Does the 7 Brew agreement require the owner to indemnify the manufacturer for claims arising from the shipping or transportation of the Unit?
7_Brew Franchise · 2025 FDDAnswer from 2025 FDD Document
(a) Owner agrees to defend, indemnify and hold harmless Manufacturer, its subsidiaries, parents and affiliates and their officers, directors, shareholders, agents, servants and employees from and against any and all third party claims, losses, liabilities, damages, expenses and costs, including reasonable attorney's fees and court costs (collectively "Claims" or individually a "Claim") arising out of (i) any grossly negligent act or omission, willful misconduct or fraud of Owner or its agents, (ii) Owner's breach of any of its representations, warranties or obligations contained in this Agreement, (iii) the alteration or modification of the Unit by the Owner or its employees, agents or representatives, (iv) the shipping or transportation of the Unit, (v) the installation of the Unit by Owner or its employees, agents or representatives, and (vi) the use of the Unit.
- (b) Manufacturer agrees to defend, indemnify, and hold harmless Owner, along with its officers, directors, agents, and employees from and against any and all claims resulting from or relating to any breach by Manufacturer of any non-fulfillment of any obligation that this Agreement requires Manufacturer to perform or otherwise arising out of Manufacturer's gross negligence or willful misconduct.

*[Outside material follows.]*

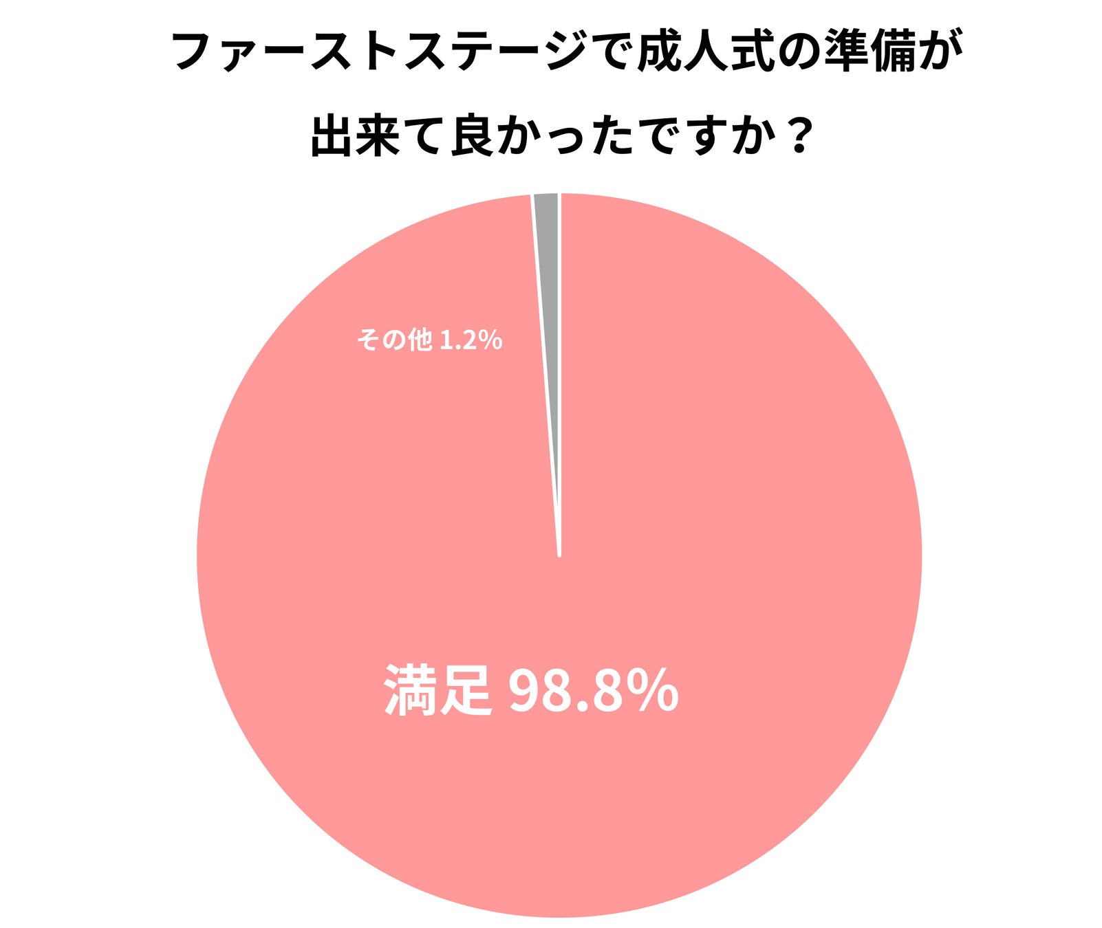 成人式準備全体の満足度:98.8%が「満足」と回答。

- (c) LIMITATION ON DAMAGES: IN NO EVENT SHALL THE PARTIES BE LIABLE TO EACH OTHER, OR TO THEIR RESPECTIVE OFFICERS, EMPLOYEES OR REPRESENTATIVES, OR TO ANY THIRD PARTY, FOR ANY INDIRECT, CONSEQUENTIAL, INCIDENTAL, SPECIAL, PUNITIVE OR EXEMPLARY DAMAGES OF OWNER, OWNER'S OFFICERS, EMPLOYEES, REPRESENTATIVES OR INSUREERS, OR OF ANY THIRD PARTY, OF WHATSOEVER NATURE (INCLUDING, BUT NOT LIMITED TO, LOST BUSINESS, LOST PROFITS, DAMAGE TO GOODWILL OR REPUTATION AND/OR DEGRADATION IN VALUE OF BRANDS, TRADEMARKS, TRADENAMES, SERVICES NAMES OR SERVICE MARKS, OR INJURY TO PERSONS) WHETHER ARISING OUT OF BREACH OF CONTRACT, WARRANTY, TORT (INCLUDING NEGLIGENCE, FAILURE TO WARN OR STRICT LIABILITY), CONTRIBUTION, INDEMNITY, SUBROGATION OR OTHERWISE.
Source: Item 23 — RECEIPTS (FDD pages 83–279)
What This Means (2025 FDD)
According to 7 Brew's 2025 Franchise Disclosure Document, the franchise agreement stipulates that the owner must indemnify the manufacturer for claims arising from the shipping or transportation of the Unit. Specifically, the owner agrees to defend, indemnify, and hold the manufacturer harmless from any third-party claims, losses, liabilities, damages, expenses, and costs, including attorney's fees and court costs, related to the shipping or transportation of the Unit. This obligation is outlined in Article 8 of the agreement, which addresses indemnification responsibilities between the owner and the manufacturer.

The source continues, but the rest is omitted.